The crew turned on the fog machines.

And waited for them to warm up.

Then the fog rolled in.

“Masks off, coats off!” shouted the producer,

and Jon called "Action!"

(He faced a captive audience indeed.)

Spills worked on his laptop, editing footage as it came in

(He sat in the cubicle of the future)

while Jon’s photography teacher from college took stills on the mezzanine.

(Can you spot him?)

Members of the opticnerve™ post-production staff stopped by to check on the shoot’s progress.



while friends of opticnerve™ watched the shoot from a distance.

Interns sent text messages in the hallway and

more than one person swears they saw a ghost.

Eventually, after eight hours of shooting

it was time to wind down and go home.

The nail on Jon’s left thumb was painted blue, the other was painted pink.
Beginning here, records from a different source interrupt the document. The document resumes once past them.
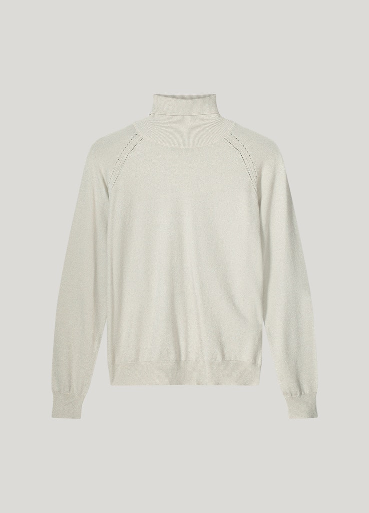 Lurex coltrui van Summum met lange raglanmouwen versierd met ajour breisel en ribgebreide boorden.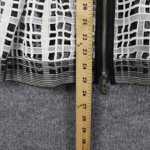 Features: Front zip closure with branded pull; peplum waist; snap-tab at waist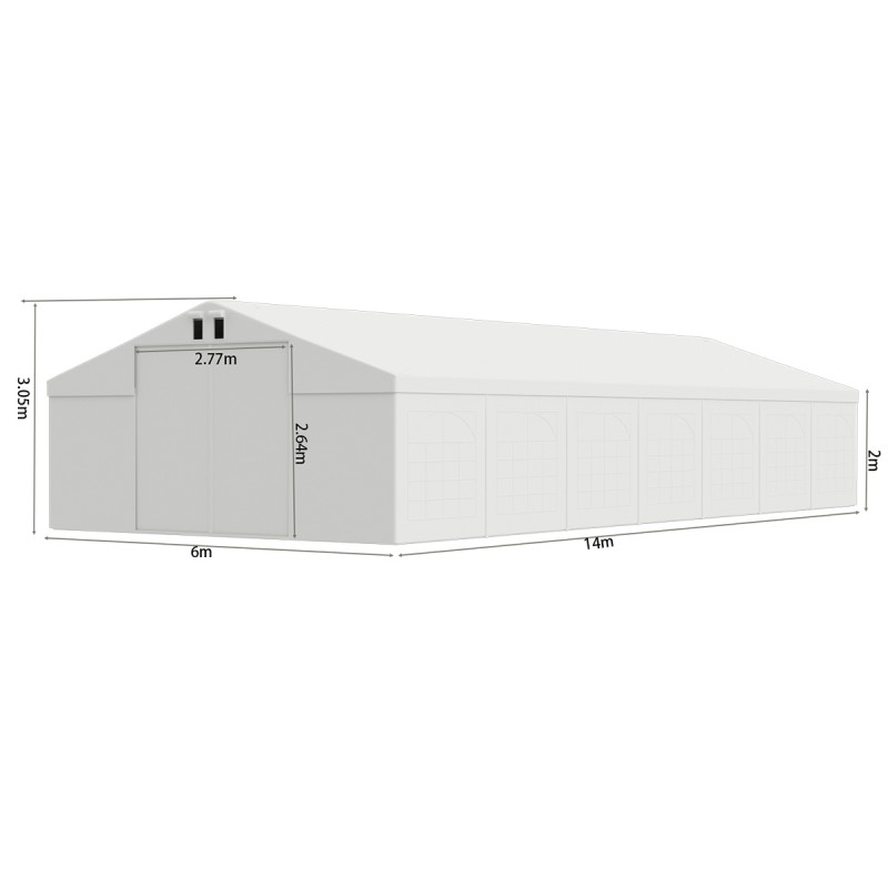 Cort profesional, Alb, 6x14 m, 14 ferestre+2 intrari, cadru ranforsat din otel galvanizat, 560g/m2 PVC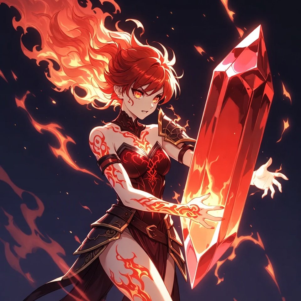 animation, artwork, battle, character, costume, crystal, energy, fantasy, fire mage, flames, glowing, heat, hero, light, magic, power, red, sorcery, spell, symbols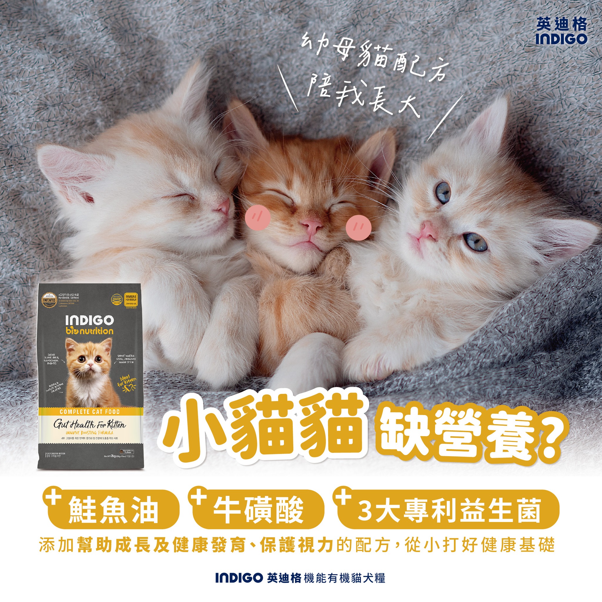 📍INDIGO 英迪格機能有機飼料 幼貓腸胃配方 2kg 一包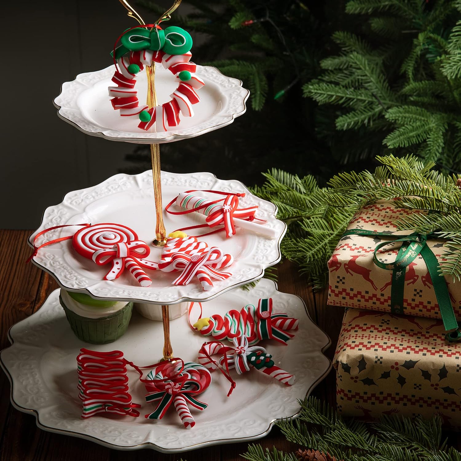 - Material :These Christmas candy ornaments are mainly made of polymer clay,reliable to use, not easy to fade,can use for a long time.If you smell the product when you open it, donโt worry, it will disappear after a period of time.
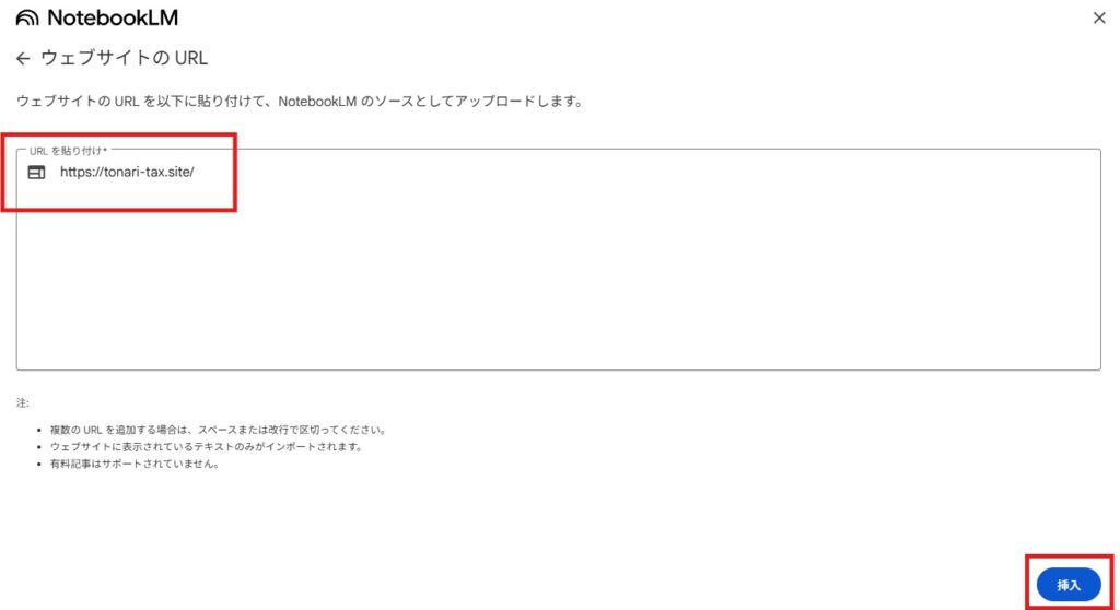 ステップ1:NotebookLMで新規ノートブックを作成し、URLを入力する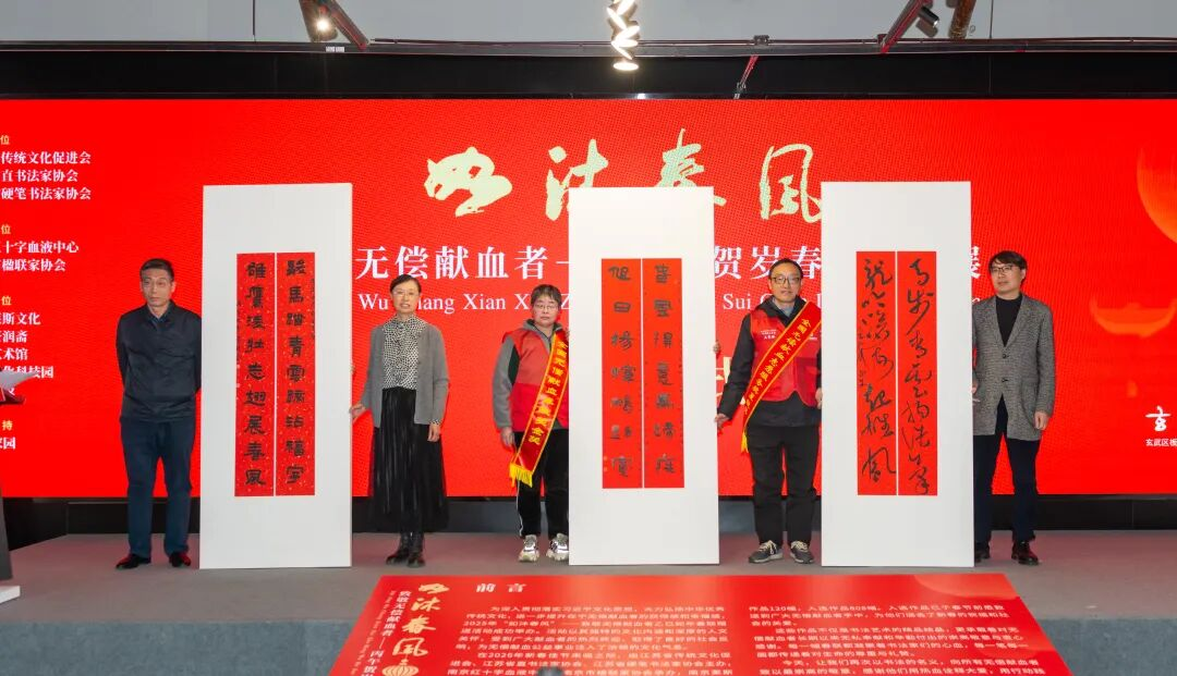 为深入贯彻落实习近平文化思想,大力弘扬中华优秀传统文化,进一步提升无偿献血者的获得感和幸福感,由江苏省传统文化促进会、江苏省直书法家协会、江苏省硬笔书法家协会主办,南京红十字血液中心、南京市楹联家协会承办,南京莱斯文化、南京苍润斋、玄武艺术馆、玄武文化科技园、锁金科技协办的“如沐春风”致敬无偿献血者春联公益捐赠活动于3月3日在玄武艺术馆成功举办。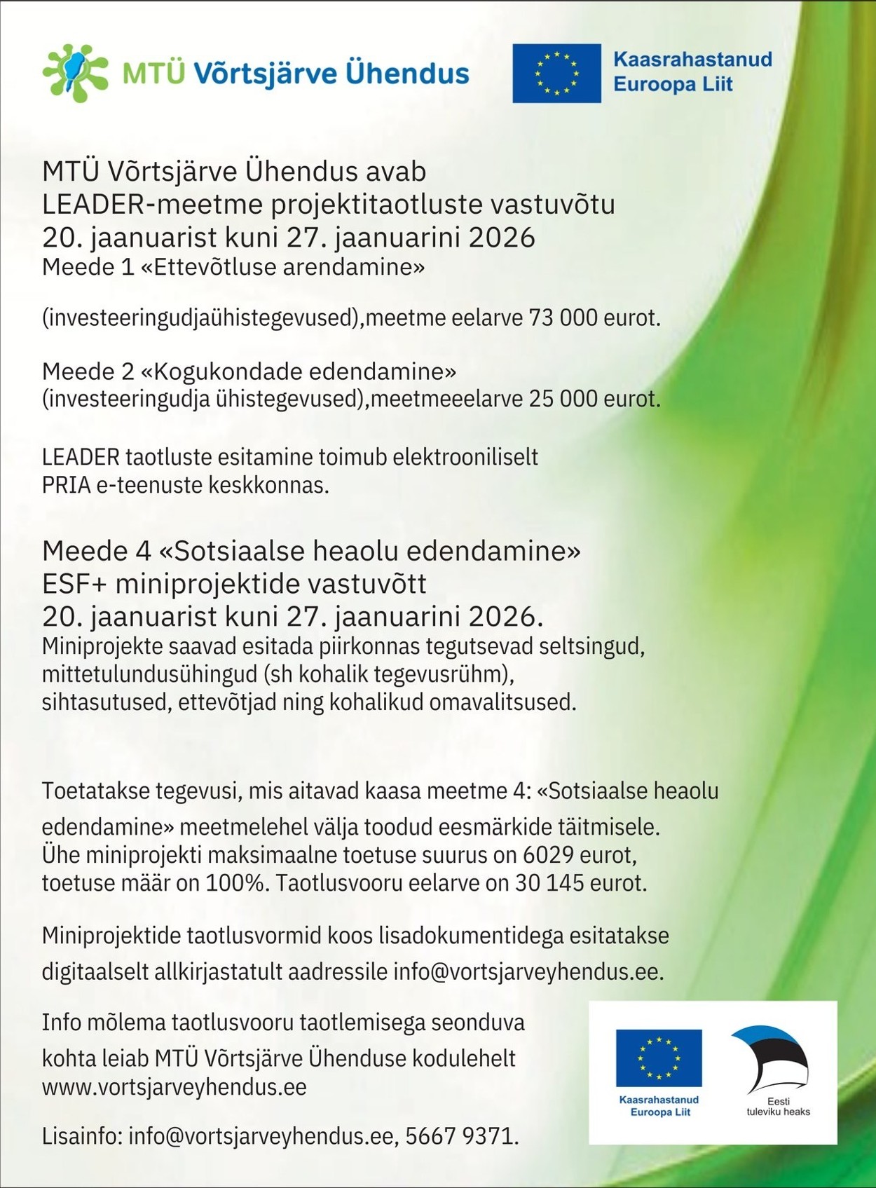 Info: MTÜ Võrtsjärve Ühendus – Taotlusvoor 2026

He hitched his bags over his shoulder with a flourish and got into his car, a Checker Marathon built the year before the Kings Theatre closed.

A light rain fell as the crew stood outside with their facemasks around their necks. Passing them on the sidewalk, an elderly woman covered in burn scars stopped and asked if they were renovating the old theater.  They responded, “Sorry, just shooting a movie.”

“Oh,” she said wistfully, “That’s too bad.  It was such a beautiful theater.” She asked if it was still beautiful and they told her it was.


About ez

My predilection for striped leotards may be genetic. View all posts by ez

5 responses to “The Kings Theatre

  • Roni

    I’m ambidextrous.

  • danskane

    Hmmm. Makes me think of Janice. I cannot wait to see her again. And another thing too.

    I can’t get over how much this place looks like the Nutec theatre the day I first saw it in 1981. It was my first really large project as an architectural designer. My job was to restore the place to a new use planned by the then Philadelphia mayoral hopeful, The honorable John Street. All 55,000 square feet were done up in a manner strangely similar to this place.

    The big difference was that I was a crew of one on a federally funded grant to try and build something of meaning to the millions of north philly blacks who loom large as Philadelphia’s largest (90%?) potential voting block. Yeah, and I only got the job of designing it because the architect my boss, Noel Mayo, had hired totally fucked up all of the construction documents – making the contract impossible to let out, let alone negotiate in any serious way.

    So, working in Noel’s creative direction, I finished the design to rebuild the place as a 5 level entertainment complex. Bar, restaurant, dance club, movie theatre, and performing arts theatre. It took me about 3 months. At $25 an hour…for every hour, I felt like I was the best paid industrial design grad in the world. I might have been. I was worth it twice over. Only because I had been a building contractor and knew what I was drawing was to be.

    It did get built years after I completed the construction documents and assisted John Street in securing contractually viable bids / awards.

    And then, through ways and means I really do not know, the place became run down and finally closed again. A failed attempt to “do something” for Philly’s urban poorest. I never saw it completed. Too busy surviving.

  • meg

    Wish the theatre could be restored. Cost too much I imagine, especially now, in this economic environment, but if it was… can you imagine seeing a show there? The ghosts of all the shows past lingering in the wings.

  • Barbara Fitzgerald

    – Am I the only one in love with this space as is and would be sad to see it restored?. It makes the imagination and emotions stir in new ways. It’s haunting, wistful, full of things forever gone. I want to be there. Alone. At night. A cold night when you can see your breath. Lots of noises far in the distance – maybe upstairs, maybe from the past.